**ASSIGNED TASK:** Taking the listing below, restate word for word each line from the line with "This is another" to the line with "The autonomous kitchen", ends included, and stop there.

START RECORDED INFORMATION

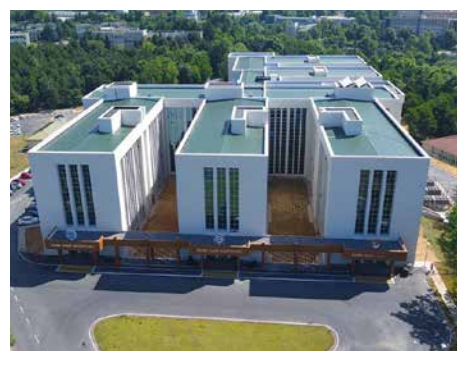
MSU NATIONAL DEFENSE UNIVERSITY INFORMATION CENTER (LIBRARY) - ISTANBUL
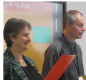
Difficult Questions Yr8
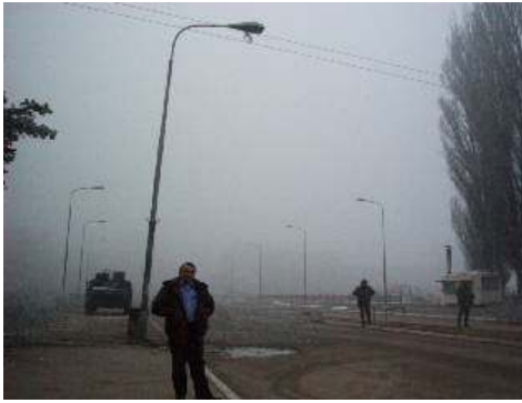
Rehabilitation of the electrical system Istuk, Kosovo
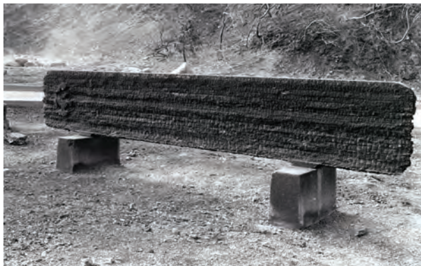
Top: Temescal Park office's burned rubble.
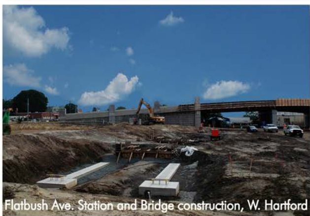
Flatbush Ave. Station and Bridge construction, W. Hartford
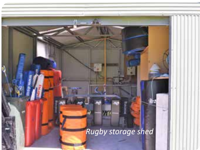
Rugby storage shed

END RECORDED INFORMATION
START RECORDED INFORMATION

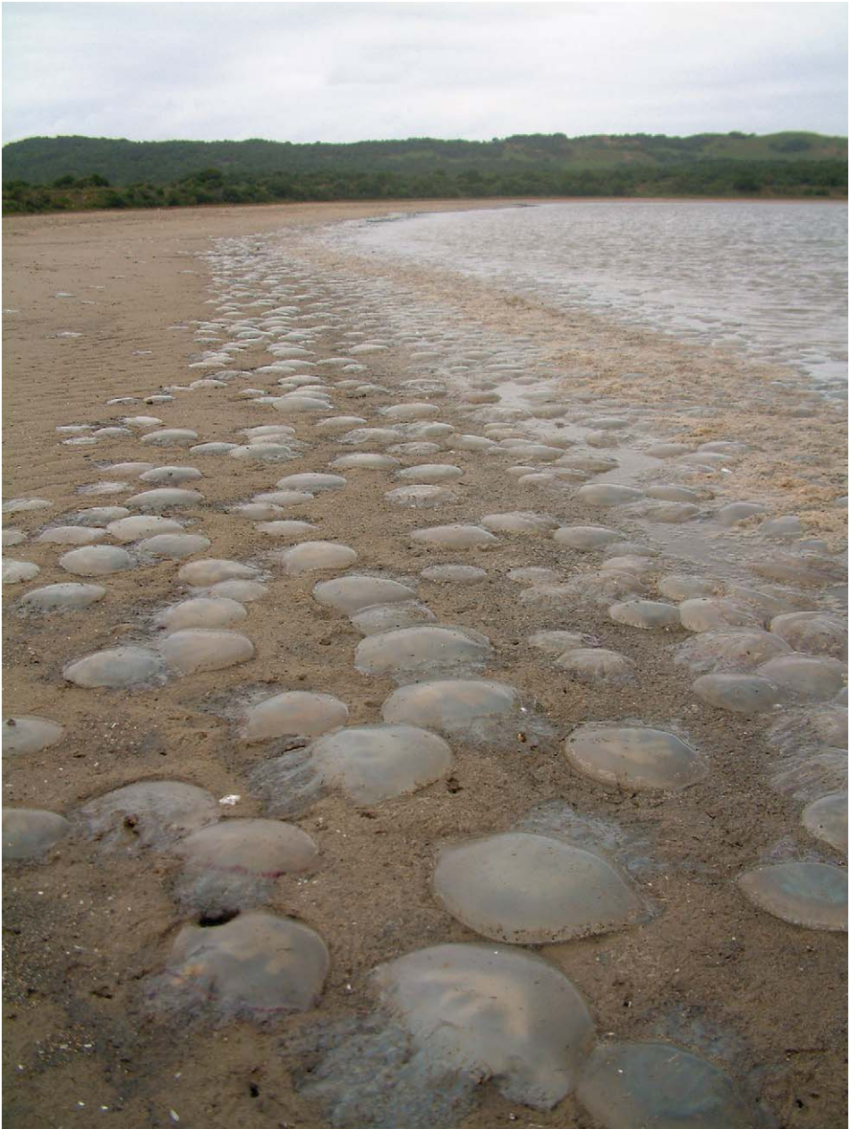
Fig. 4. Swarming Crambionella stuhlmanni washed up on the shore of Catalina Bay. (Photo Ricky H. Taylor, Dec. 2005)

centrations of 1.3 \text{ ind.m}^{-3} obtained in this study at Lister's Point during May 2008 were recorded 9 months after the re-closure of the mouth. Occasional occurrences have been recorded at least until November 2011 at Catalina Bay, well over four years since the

END RECORDED INFORMATION
START RECORDED INFORMATION

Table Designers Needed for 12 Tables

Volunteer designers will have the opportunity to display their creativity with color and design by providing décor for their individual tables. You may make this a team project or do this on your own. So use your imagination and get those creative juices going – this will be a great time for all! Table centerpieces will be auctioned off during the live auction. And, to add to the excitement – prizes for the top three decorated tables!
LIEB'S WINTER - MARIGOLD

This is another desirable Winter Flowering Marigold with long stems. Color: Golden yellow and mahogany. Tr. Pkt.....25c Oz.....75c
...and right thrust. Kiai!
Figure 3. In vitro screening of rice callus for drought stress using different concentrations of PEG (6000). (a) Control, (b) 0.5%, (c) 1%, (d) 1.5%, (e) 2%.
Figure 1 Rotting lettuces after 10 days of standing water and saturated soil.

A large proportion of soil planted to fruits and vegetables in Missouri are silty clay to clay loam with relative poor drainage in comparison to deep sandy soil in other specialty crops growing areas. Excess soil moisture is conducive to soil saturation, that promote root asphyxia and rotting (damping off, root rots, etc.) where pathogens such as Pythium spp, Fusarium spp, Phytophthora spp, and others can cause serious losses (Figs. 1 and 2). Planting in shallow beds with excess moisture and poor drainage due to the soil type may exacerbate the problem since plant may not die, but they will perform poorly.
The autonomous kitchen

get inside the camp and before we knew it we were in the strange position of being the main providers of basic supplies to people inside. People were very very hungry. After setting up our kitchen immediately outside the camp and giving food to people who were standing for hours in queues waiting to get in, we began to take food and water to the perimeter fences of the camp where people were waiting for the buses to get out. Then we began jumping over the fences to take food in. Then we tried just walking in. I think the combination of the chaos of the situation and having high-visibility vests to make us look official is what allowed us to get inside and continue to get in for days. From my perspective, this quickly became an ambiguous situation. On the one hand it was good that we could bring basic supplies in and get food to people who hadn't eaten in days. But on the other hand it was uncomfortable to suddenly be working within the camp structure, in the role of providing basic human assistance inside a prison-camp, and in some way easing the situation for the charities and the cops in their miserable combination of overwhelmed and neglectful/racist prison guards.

END RECORDED INFORMATION

**RESULT BELOW:**
This is another desirable Winter Flowering Marigold with long stems. Color: Golden yellow and mahogany. Tr. Pkt.....25c Oz.....75c
...and right thrust. Kiai!
Figure 3. In vitro screening of rice callus for drought stress using different concentrations of PEG (6000). (a) Control, (b) 0.5%, (c) 1%, (d) 1.5%, (e) 2%.
Figure 1 Rotting lettuces after 10 days of standing water and saturated soil.

A large proportion of soil planted to fruits and vegetables in Missouri are silty clay to clay loam with relative poor drainage in comparison to deep sandy soil in other specialty crops growing areas. Excess soil moisture is conducive to soil saturation, that promote root asphyxia and rotting (damping off, root rots, etc.) where pathogens such as Pythium spp, Fusarium spp, Phytophthora spp, and others can cause serious losses (Figs. 1 and 2). Planting in shallow beds with excess moisture and poor drainage due to the soil type may exacerbate the problem since plant may not die, but they will perform poorly.
The autonomous kitchen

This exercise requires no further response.